*** Supplied data ***

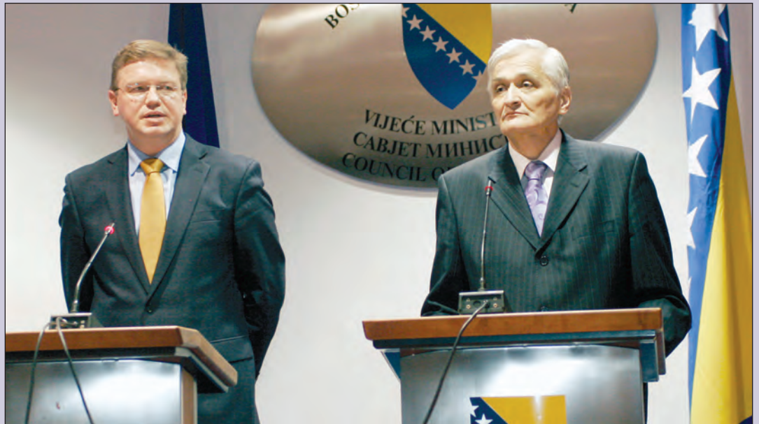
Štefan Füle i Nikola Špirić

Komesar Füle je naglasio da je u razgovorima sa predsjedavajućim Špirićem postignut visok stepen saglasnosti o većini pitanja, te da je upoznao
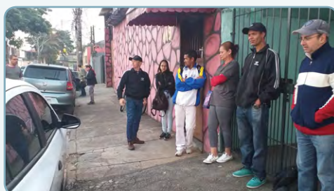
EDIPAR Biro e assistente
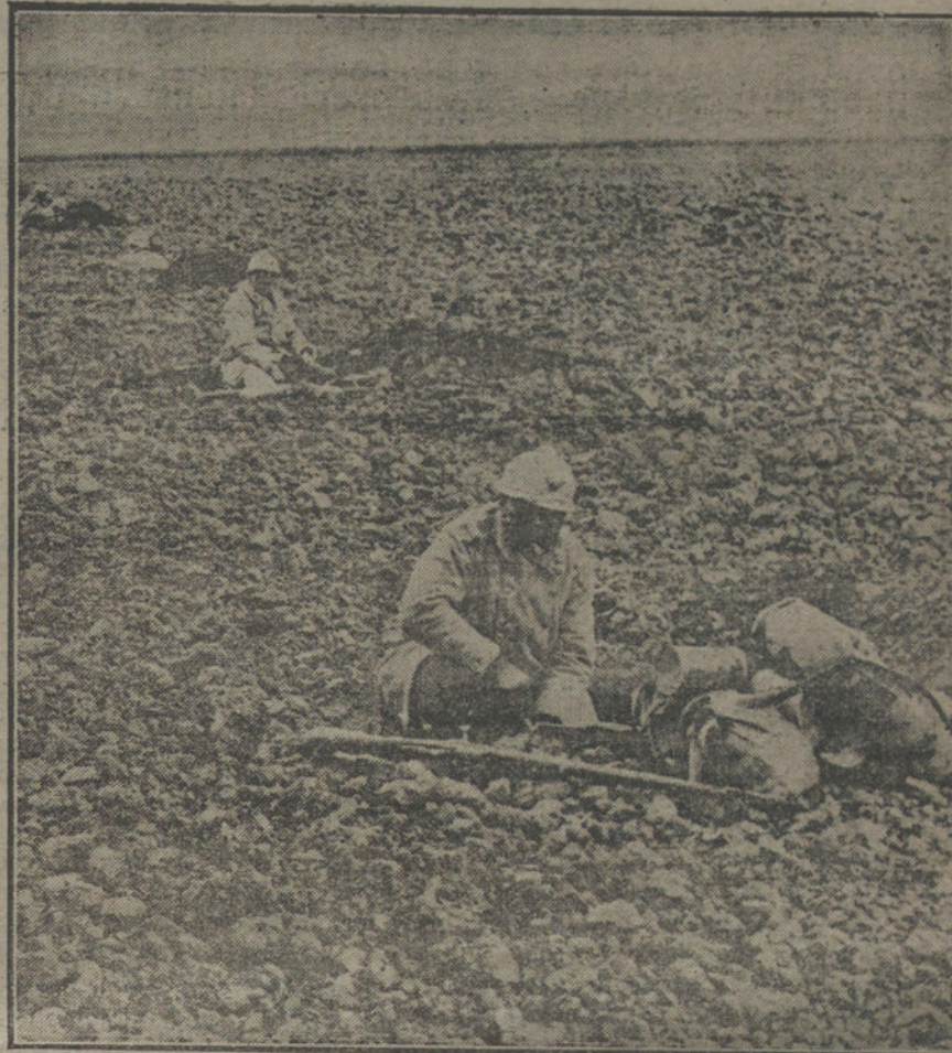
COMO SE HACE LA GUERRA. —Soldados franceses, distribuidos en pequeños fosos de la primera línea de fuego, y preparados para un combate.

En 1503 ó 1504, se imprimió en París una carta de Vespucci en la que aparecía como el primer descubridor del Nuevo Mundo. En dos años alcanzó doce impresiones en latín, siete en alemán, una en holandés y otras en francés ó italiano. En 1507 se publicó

*** End of Supplied data ***

• **What you have to do**
Take every line from the data that contains the word "Füle".

• **Solution**
Štefan Füle i Nikola Špirić
Komesar Füle je naglasio da je u razgovorima sa predsjedavajućim Špirićem postignut visok stepen saglasnosti o većini pitanja, te da je upoznao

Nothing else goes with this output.